The Border Line defenses of Switzerland were constructed in the late 1930s in response to increasing tensions between Switzerland and its neighbours, chiefly the Axis powers of Germany and Italy. The Border Line was planned to slow or hold an invading force at the border. It consisted of a series of bunkers spaced at short intervals along the French, German and Austrian borders. The bunkers were reinforced by larger multi-blockhouse forts at key points. Most of the positions were within 2 or 3 km of the frontier.

==Description==
The Border Line bunkers were spaced between 500 m and 750 m along the northern border of Switzerland. A number were integrated into bridge crossings of the Rhine and other rivers.

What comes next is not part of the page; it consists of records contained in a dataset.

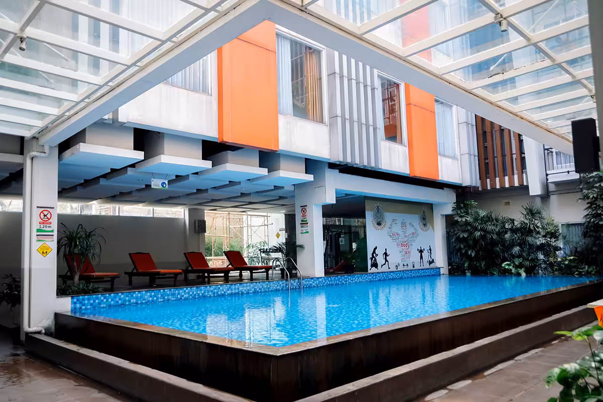 - berenang dan bersantai di kolam renang outdoor yang luas dan bersih; Anda bisa menikmati pemandangan Kota Bandung sambil berendam di air yang sejuk
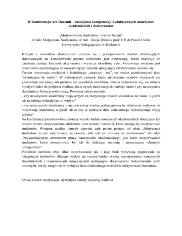 II Konferencja Ars Docendi – rozwijanie kompetencji dydaktycznych nauczycieli akademickich i doktorantów „Motywowanie studentów - wyniki badań” dr hab. Małgorzata Nodzyńska, dr hab. Alicja Walosik prof. UP, dr Paweł Cieśla Uniwersytet Pedagogiczny w Krakowie Jednym z warunków skuteczności uczenia się i podejmowania działań edukacyjnych skierowanych na kształtowanie postaw człowieka jest motywacja, która inspiruje do działania, nadaje kierunek aktywności i wytycza określone cele. Motywacja uważana jest przez wielu psychologów za najważniejszy czynnik sprzyjający efektywnemu uczeniu się. Termin motywacja pochodzi z łacińskiego „motivus - tae”, co można przetłumaczyć jako “skłaniający do ruchu”. W dzisiejszych czasach, kiedy ukończenie studiów wyższych nie gwarantuje ani pracy ani prestiżu ani wysokich zarobków, można zastanowić się, co skłania młodych ludzi do podjęcia studiów, jakie są ich motywacje do dalszej nauki i czy nauczyciele akademiccy biorą je pod uwagę. Powstają zatem pytania: - czy nauczyciele akademicy mają wpływ na motywację swoich studentów do nauki, a jeżeli tak to jakiego rodzaju jest to wpływ? - czy nauczyciele akademicy mają potrzebną wiedzę pedagogiczną by właściwie wpływać na motywację studentów, a jeżeli tak to czy w praktyce dnia codziennego wykorzystują swoją wiedzę? Na konferencji przedstawione zostaną wyniki badań nauczycieli akademickich dotyczące ich postaw wobec motywowania studentów oraz metod i narzędzi, które stosują by zmotywować studentów. Wstępna analiza danych ujawnia cała paletę postaw od zdań „Motywacja studentów to nie mój biznes, są dorośli, nikt ich nie zmusza do studiowania” do zdań „Najważniejszym elementem pracy nauczyciela akademickiego jest takie motywowanie studentów, które stymulowało by ich do dalszego rozwoju i poszerzania własnych umiejętności”. Ponieważ zarówno zbyt silne motywowanie jak i jego brak wpływają negatywnie na osiągnięcia studentów, dlatego wydaje się rzeczą bardzo ważną zaznajamianie nauczycieli akademickich z najnowszymi osiągnięciami pedagogów dotyczącymi motywowania osób dorosłych, tak by mogli oni w praktyce dnia codziennego właściwie motywować studentów. Słowa klucze: motywacja, dydaktyka szkoły wyższej, badania
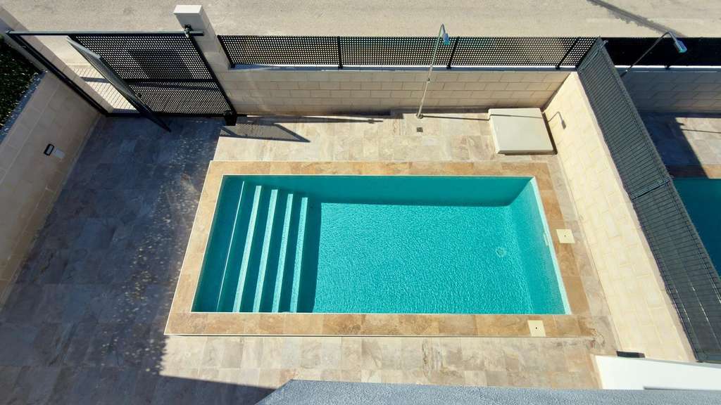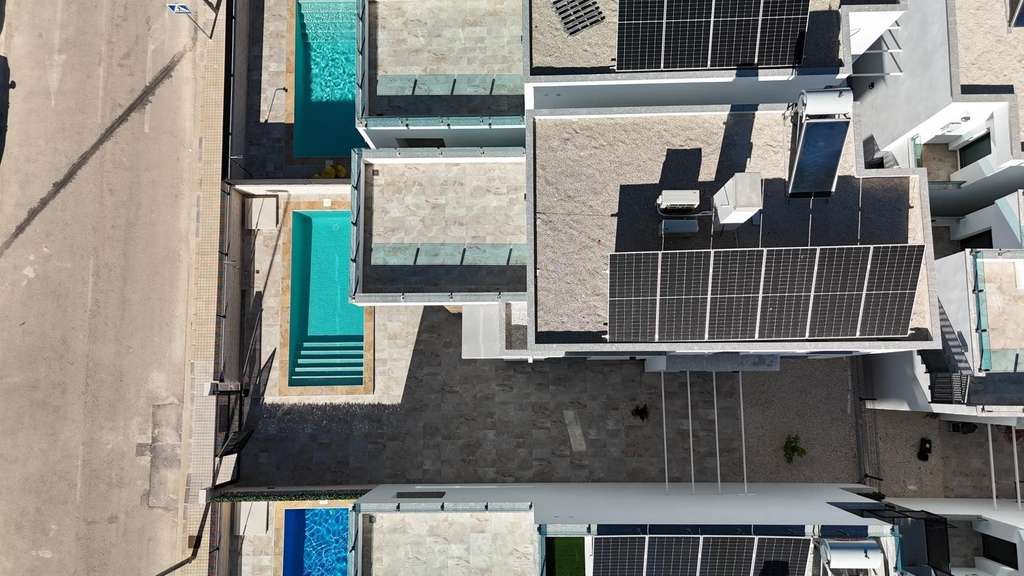 La propiedad se encuentra en una parcela de 205 m² y cuenta con jardín privado, piscina privada , terraza, balcón y solárium. Las zonas exteriores ofrecen excelentes oportunidades tanto para relajarse como para socializar, con vistas a las montañas y al mar. La parcela incluye dos plazas de aparcamiento privadas .

The large forts were armed with 75mm artillery and anti-tank weapons and were usually built into the forward slope of a hill. The blockhouses were connected and supported by an underground gallery system giving access and shelter to underground barracks, ammunition magazines, command posts and utility services.

Compared with the Maginot Line, whose function was similar, the positions were less well-protected and lacked the ability to fire laterally along the line of attack from a sheltered location. The Border Line forts did not deploy a defense in depth.

==History==
Work on the Border Line began in 1937 and was generally complete by 1940. However, with the German invasion of France in 1940, it became clear to the Swiss Armed Forces that the Border Line could not deter or withstand a direct German attack. Swiss priorities shifted to a policy of quick withdrawal to the National Redoubt in the Alps, there to maintain a government-in-being and to control the strategic crossings of the Alps for an extended time. While the German Operation Tannenbaum set forth a plan to invade Switzerland, the operation was never carried out. The Swiss war plan, devised by General Henri Guisan, envisioned the use of the Border Line as a delaying position, backed by a further hold line, the so-called Army Line, to give the bulk of Swiss forces time to retreat to the Redoubt destroying access points once Swiss forces were safely inside.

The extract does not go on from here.